Topics in theoretical astrophysics

Abstract

This thesis presents a study of various interesting problems in theoretical astrophysics, including gravitational wave astronomy, gamma ray bursts and cosmology. Chapters 2, 3 and 4 explore prospects for detecting gravitational waves from stellar-mass compact objects spiraling into intermediate-mass black holes with ground-based observatories. It is shown in chapter 2 that if the central body is not a BH but its metric is stationary, axisymmetric, reflection symmetric and asymptotically flat, then the waves will likely be triperiodic, as for a BH. Chapters 3 and 4 show that the evolutions of the waves' three fundamental frequencies and of the complex amplitudes of their spectral components encode (in principle) details of the central body's metric, the energy and angular momentum exchange between the central body and the orbit, and the time-evolving orbital elements.
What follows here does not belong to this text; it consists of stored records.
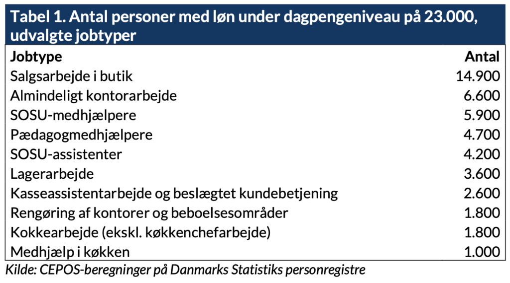 CEPOS har på Danmarks Statistiks personregistre beregnet, at 140.000 lønmodtagere tjener under de nye dagpengeniveau på 23.000 kr.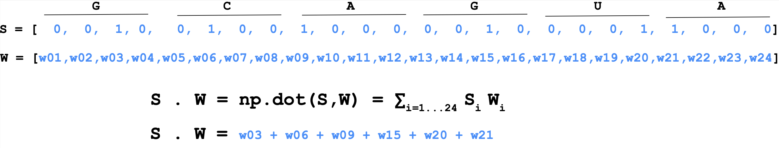 \[S\cdot W = \mbox{np.dot}(S,W) = \sum_{i=1} ^{i=4\times L} S_i W_i\]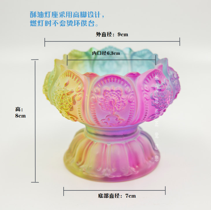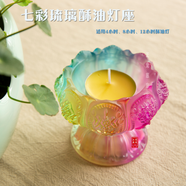 七彩莲花高脚琉璃酥油灯座

Chapter 5 studies a local readout method to enhance the low frequency sensitivity of detuned signal-recycling interferometers. We provide both the results of improvement in quantum noise and the implementation details in Advanced LIGO. Chapter 6 applies and generalizes causal Wiener filter to data analysis in macroscopic quantum mechanical experiments. With the causal Wiener filter method, we demonstrate that in theory we can put the test masses in the interferometer to its quantum mechanical ground states. Chapter 7 presents some analytical solutions for expanding fireballs, the common theoretical model for gamma ray bursts and soft gamma ray repeaters. We apply our results to SGR 1806-20 and rediscover the mismatch between the model and the afterglow observations. Chapter 8 discusses the reconstruction of the scalar-field potential of the dark energy. We advocate direct reconstruction of the scalar field potential as a way to minimize prior assumptions on the shape, and thus minimize the introduction of bias in the derived potential. Chapter 9 discusses gravitational lensing modifications to cosmic microwave background anisotropies and polarization, produced by a stochastic background of primordial gravitational waves between us and the last scattering surface. Chapter 10 calculates the non-Gaussian covariance of CMB B-modes of polarization.